On Monday, California enacted an important new law breaking down a key regulatory barrier to new housing construction. The CalMatters website has a helpful summary:
A decade-spanning political battle between housing developers and defenders of California's preeminent environmental law likely came to an end this afternoon with only a smattering of "no" votes.
The forces of housing won.
With the passage of a state budget-related housing bill, the California Environmental Quality Act will be a non-issue for a decisive swath of urban residential development in California.
In practice, that means most new apartment buildings will no longer face the open threat of environmental litigation.
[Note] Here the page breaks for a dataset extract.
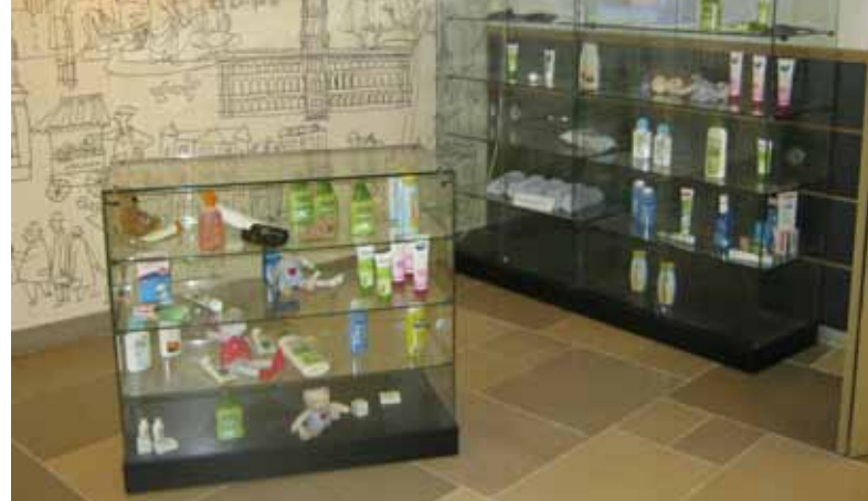
Seniorenspielplatz, von den Enkeln genutzt (links), Drogerie für Wahlfreiheit von Heimbewohnern (rechts)

Anstrengungen, die auch durch das neue Berliner Wohnteilhabegesetz (WTG) aufgegriffen werden. Im Juni 2010 löste es das bisherige Heimgesetz ab. Im Mittelpunkt steht die Selbstbestimmung über das eigene Leben, so heißt es über den Zweck in §1: „Zweck dieses Gesetzes ist es, ältere, pflegebedürftige oder behinderte volljährige Menschen in betreuten gemeinschaftlichen Wohnformen vor Beeinträchtigungen zu schützen und sie dabei zu unterstützen, ihre Interessen und Bedürfnisse durchzusetzen.“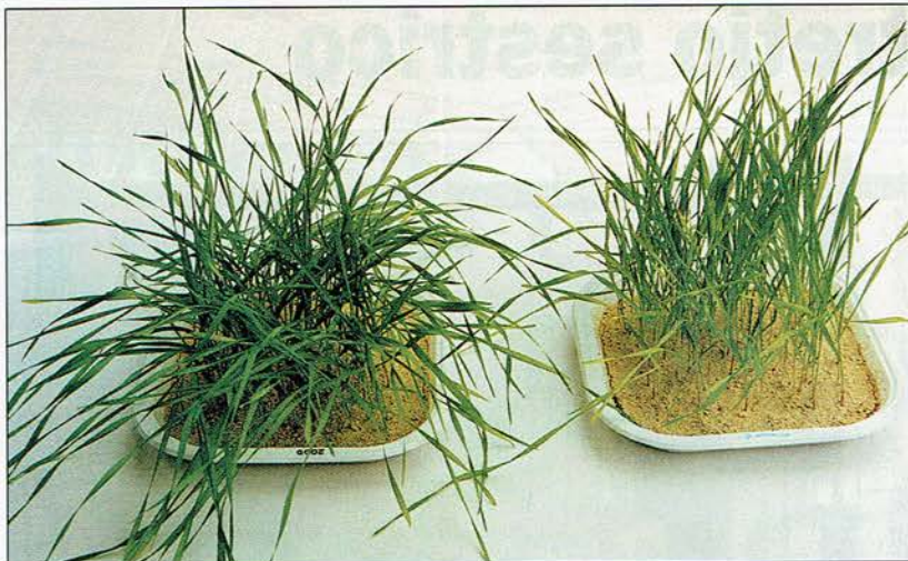
Kaljenje pšenice pokaže vitalno moč vode iz kozarca, saj zrna, zalivana z vodo iz kozarca, poženejo večja, močnejša in bolj zelena stebela.

hkrati rezultat pokaže, kako je voda primerna za človeka in živali. Biolog v preiskovano vodo nasadi čebulice, te v 72 urah poženejo nove koreninice, celice teh koreninic pa pregledajo pod mikroskopom in preštejejo, v kolikih mitoznih celicah so snovi v vodi, odkrite in neodkrite, poškodovale kromosome, nosilce dednih zapisov. Deset odstotkov poškodovanih kromosomov kaže še na relativno kakovostno vodo, 48 odstotkov poškodovanih celic, kolikor jih, na primer, poškoduje voda Kamniške Bistrice v Biščah, pa že napovedujejo tako slabo vodo, da naj z njo ne bi bilo dovoljeno zalivati niti dreves, kaj šele zelenjave. Toda tudi Zala poškoduje kar vsako četrto celico, natančneje je lom kromosomov te vode 25,92-odstoten. To pa je veliko v primerjavi z vodovodno vodo, ki denimo v Domžalah poškoduje 12,19, v Ljubljani 15,53 ter v v Celju 18,75 odstotka kromosomov. Če pa vodo natočimo v informirani kozarec, se vodi iz ljubljanskega vodovoda zmanjša genotoksičnost na zgolj 10,76, vodi iz celjskega vodovoda pa na 11,76 odstotka. Torej je vodo-

It also means most urban developers will no longer have to study, predict and mitigate the ways that new housing might affect local traffic, air pollution, flora and fauna, noise levels, groundwater quality and objects of historic or archeological significance.
And it means that when housing advocates argue that the state isn't doing enough to build more homes amid crippling rents and stratospheric prices, they won't — with a few exceptions — have CEQA to blame anymore.
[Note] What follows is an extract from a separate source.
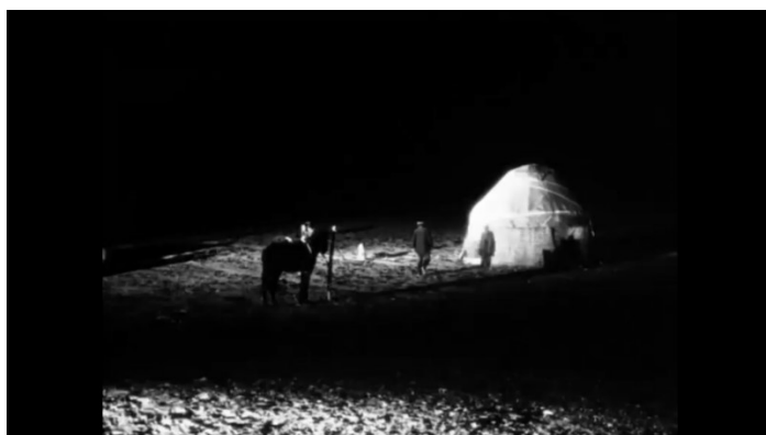
Рисунок 1. Кадр из фильма «Суржекей – ангел смерти»

Впрочем, отношения между людьми здесь такие же, как в любом мегаполисе: необходимый баланс любви-ненависти сохраняется в любом обществе. Так было до тех пор, пока в аул не явился представитель Советской власти, называющий себя Суржекеем. Полуграмотного кочевника, сына степей и пустынь отправили рубить собственный народ: страна остро нуждается в зерне, мясе, а превыше всего - в страхе и послушании. Нам не показывают тех,

"Saying 'no' to housing in my community will no longer be state sanctioned," said Assemblymember Buffy Wicks, an Oakland Democrat who introduced the CEQA law as a separate bill in March. "This isn't going to solve all of our housing problems in the state, but it is going to remove the single biggest impediment to building environmentally friendly housing…."
[F]or years, the building industry and "Yes in my backyard" activists have identified the law as a key culprit behind California's housing shortage. That's because the law allows any individual or group to sue if they argue that a required environmental study isn't accurate, expansive or detailed enough. Such lawsuits — and even the mere threat of them —add a degree of delay, cost and uncertainty that make it impossible for the state to build its way to affordability, CEQA's critics argue.
California's regulatory barriers to housing construction are what has put the state at the epicenter of the nation's housing crisis, and CEQA is a big part of the reason why. Exclusionary zoning will remain a serious problem in much of the state, blocking full realization of the gains from CEQA reform. But curtailing CEQA is still a major step in the right direction. The statute was long a powerful tool for "NIMBY" ("not in my backyard") opponents of new housing construction. California NIMBYs have not been totally defanged. But they are much less potent than before.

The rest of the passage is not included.